• Resources
  • Open Preservation Exchange (OPEX)

Open Preservation Exchange (OPEX)

How to use OPEX for metadata ingest and export

The Open Preservation Exchange format is a mechanism for importing and exporting metadata between two Preservation systems, and is the principal mechanism used by Preservica for ingest and export. It is designed to allow it to be flexible, and to be incomplete and still useful.

Key Principles

  • OPEX facilitates the exchange of metadata attached to files and folders between a Producer and a Consumer. The Producer decides on what they export and the Consumer should handle the metadata however complete.
  • It is designed to be independent of Preservica but is used by Preservica for both ingest (Preservica is the Consumer) and export (Preservica is the Producer).
  • OPEX metadata is held in an XML file to describe a single file or folder.
  • The OPEX metadata file is associated to the file or folder it describes using a naming convention.
  • OPEX metadata files may be present for all, some, or none of the files and folders in an ingest or export.
  • All sections in the OPEX metadata (Properties, History, Transfer etc) are optional.
  • Within each section each field is also optional as decided by the Producer.
  • For folders, the transfer section and the manifest it optionally contains only describes the next level down, not the entire structure below. This means part of the structure can be taken and used independently of its parents.
  • An OPEX import or export may contain content files as “normal” single files, for example a document, image or video. It may also contain “Preservation Asset Exchange” (PAX) files or folder structures to transfer assets that have a more complex internal structure, for example assets have multiple content objects e.g. a captioned video, or assets that contain migrated files. See Preservation Asset eXchange (PAX) for more information.

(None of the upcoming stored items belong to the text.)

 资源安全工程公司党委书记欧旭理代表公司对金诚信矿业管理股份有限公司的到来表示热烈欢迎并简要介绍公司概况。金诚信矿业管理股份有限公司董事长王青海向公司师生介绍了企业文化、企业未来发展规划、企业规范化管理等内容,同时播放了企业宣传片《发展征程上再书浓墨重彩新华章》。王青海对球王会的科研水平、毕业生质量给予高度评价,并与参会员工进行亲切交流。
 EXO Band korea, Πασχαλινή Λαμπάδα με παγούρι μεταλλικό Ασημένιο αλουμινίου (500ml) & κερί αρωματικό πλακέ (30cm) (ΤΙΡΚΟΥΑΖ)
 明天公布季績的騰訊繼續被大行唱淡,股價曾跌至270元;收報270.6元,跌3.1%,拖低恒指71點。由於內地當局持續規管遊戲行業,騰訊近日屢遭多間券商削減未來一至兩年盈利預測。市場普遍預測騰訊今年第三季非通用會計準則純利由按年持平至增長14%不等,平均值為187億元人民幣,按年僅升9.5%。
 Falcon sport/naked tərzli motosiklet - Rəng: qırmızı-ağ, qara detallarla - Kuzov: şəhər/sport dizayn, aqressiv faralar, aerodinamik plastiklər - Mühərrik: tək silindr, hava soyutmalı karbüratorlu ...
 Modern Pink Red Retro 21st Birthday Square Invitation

Examples of where OPEX is useful

The following are examples where OPEX can be used during information transfer:

Task How OPEX helps
Exit from one Digital Preservation system to another The export can include all the content from the original DP system, especially when using PAX for the original and migrated files, and ingest can be validated, ensuring nothing is lost.
A large scale “Extract-Transfer-Load” (ETL) process The export metadata format can be converted to a format supported by the Consumer e.g. Preservica and attached to each item.
Checking a file has not been changed during transfer The fixity can be re-calculated to make sure the file wasn’t altered during transfer.
Checking all the files were transferred The folder manifest can be checked to ensure the expected files are present and none have been added.
Adding externally created metadata to an item before ingest The external metadata can be added to the Descriptive Metadata in the OPEX file.
File or Folder name contains special characters that are not supported on the new or transfer system The file or folder name can be changed and the required Title and Original Filename containing any UTF8+ characters added to the OPEX file for the asset or Folder.

File and Folder Structure

The opex file describing a folder called “foldername” is named “foldername.opex” and sits as a child of this folder.

The opex file for a content file called “filename.suffix” is “filename.suffix.opex” and sits in the same folder as the content file.

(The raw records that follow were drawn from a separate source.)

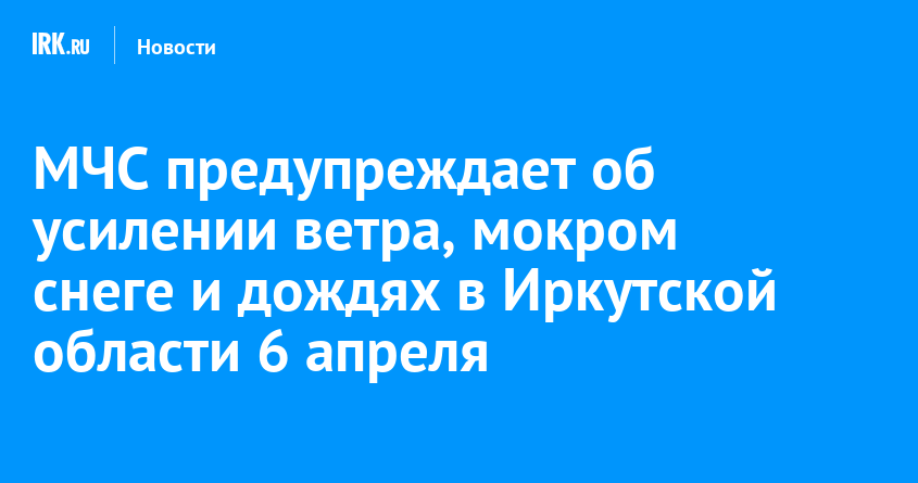 Ухудшение погоды ожидается в Иркутской области 6 апреля. ГУ МЧС России по региону предупреждает об усилении ветра с порывами до 20 метров в секунду, вероятны мокрый снег и дожди. На дорогах гололедица.
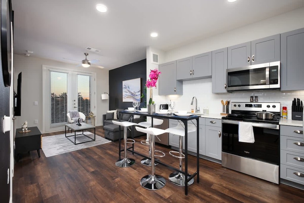 ► KITCHEN: GE stainless steel appliances, Keurig coffee machine, pots, pans, and dining essentials
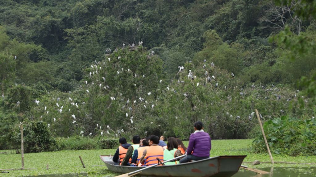 Thung Nham bird sanctuary lies in the core area of Trang An townlet, next to the famous Tam Coc – Bich Dong resort. From the Bich Dong Pagoda, about 4km on road, tourists set foot on Thung Nham – the land of birds.
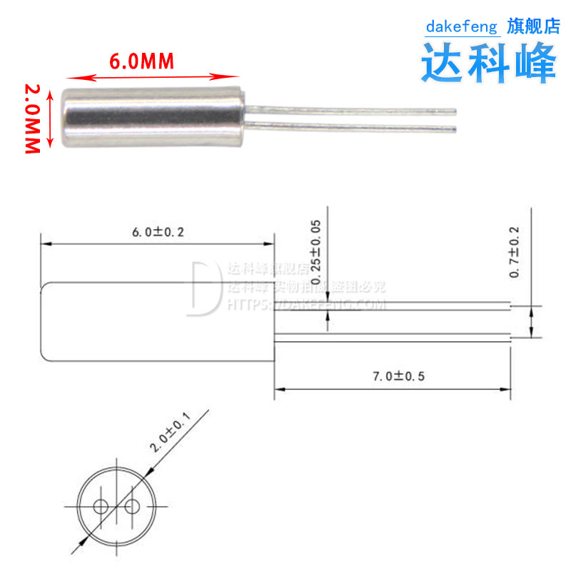 206 308 cylindrical crystal oscillator 2*6 3*8 32 768K 32 768KHZ 6 9 12 5PF 8MHZ
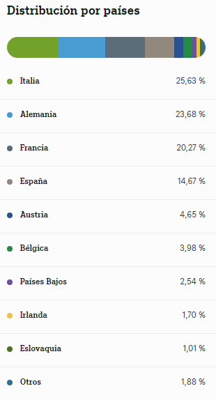 Como podemos observar, el índice que replica este ETF está más concentrado, invirtiendo en menos emisores y teniendo más exposición a países como España e Italia, que ofrecen algo más de rentabilidad en sus bonos.
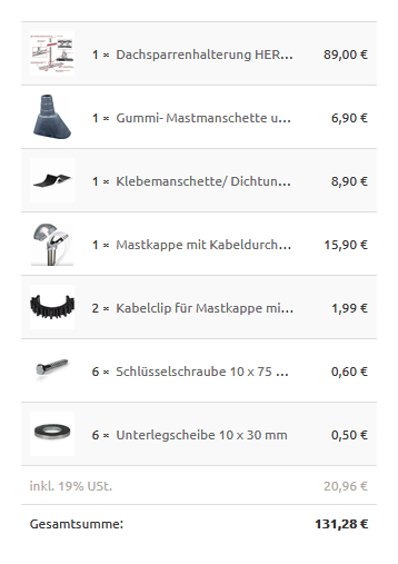 Das passt so für einen Sparrenhalter zu montieren, da gehört aber gleich mehr dazu wie z.B. UV-beständige Koaxkabel da gleich mit rein zu legen für die Vorbereitung der Versorgung.
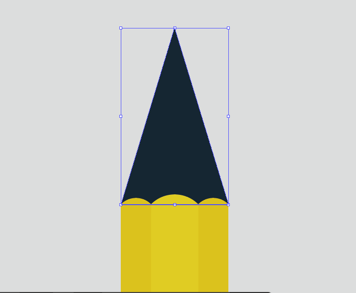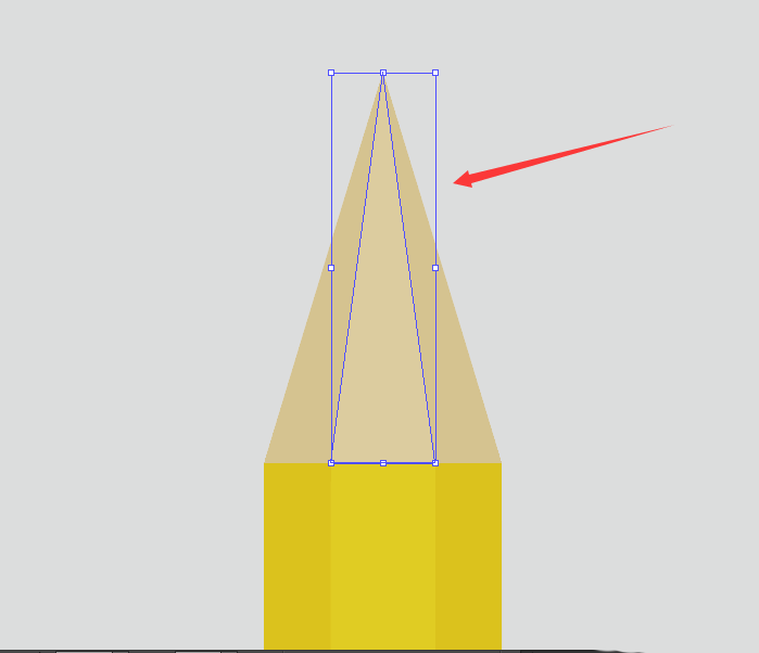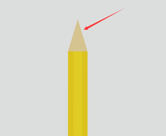 3、使用【多边形工具】,绘制一个三角形;然后使用【选择工具】,调整三角形的锚点到合适的形状,添加填充色为浅棕色(#dac792),放在铅笔主体的最底层。
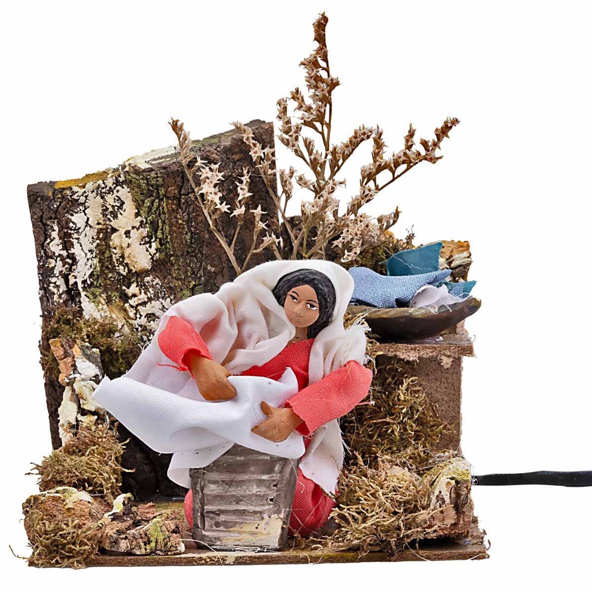 Donna che con il movimento del busto, simula l'azione di lavare i panni. La statuina è realizzata in terracotta, dipinta a mano in Italia, vestita con abiti in tessuto e funzionante a corrente. Si precisa che alcuni dettagli del prodotto possono variare, garantendo l'unicità di ogni pezzo, poiché interamente realizzato a mano.
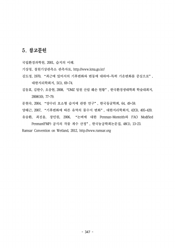 347 국립환경과학원 습지의 이해 , 2001, 기상청 철원기상관측소 관측자료 , , http//www.kma.go.kr/ 김도정 최근에 있어서의 기후변화와 변동에 대하여 특히 기온변화를 중심으로 , 1970, “ ”, 대한지리학회지, 5 1 , 69-74. 김동효 김한수 오충현 , , , 2008, “DMZ 일원 산림 훼손 현황 한국환경생태학회 학술대회지 ”, , 2008 10 , 77-79. 문현숙 양수리 호소형 습지에 관한 연구 한국동굴학회 , 2004, “ ”, , 64, 49-59. 양해근 기후변화에 따른 유역의 물수지 변화 대한지리학회지 , 2007, “ ” , , 42 3 , 405-420. 유승환 최진용 장민원 , , , 2006, “논벼에 대한 Penman-Monteith FAO Modifi...
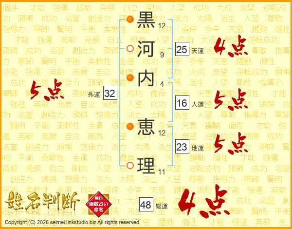 黒河内恵理さんの総運は48画の4点!
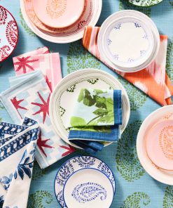 Inspired by fig groves in Spain, the Fig Printed Napkin captures the memories of a European summer. Featuring bold green fig leaves against a soft blue, this iconic print brings a colorful touch to your table. Made from 100% cotton slub, it offers a relaxed, textured feel with the durability to handle everyday dining or special occasions. This napkin will layer perfectly with other linens in the PD x HG collection.

An example structure is shown below. All opex files are optional so the ingest or export structure can contain all, some or none of the opex files.

OPEX sections

Overview

OPEX is modular and very flexible and contains five optional sections, each with its own purpose.

Section Description Use on Preservica ingest / export
Properties Basic generic properties of the asset or folder. Map onto basic XIP fields, used in ingest and export.
Transfer Data to assist the assessment of whether the item is complete and correct. Check all items in a folder are present and whether file transfer can be trusted, used in ingest and export.
DescriptiveMetadata Metadata in an external XML schema. There can be several of these sections. Mapped onto the Preservica descriptive metadata schemas, used in ingest and export.
History Contains an audit history of what has happened to the item in the producing system. Optionally added to the export, not used during an ingest.
Relationships Defines the links between objects. Added to the export, not used during an ingest.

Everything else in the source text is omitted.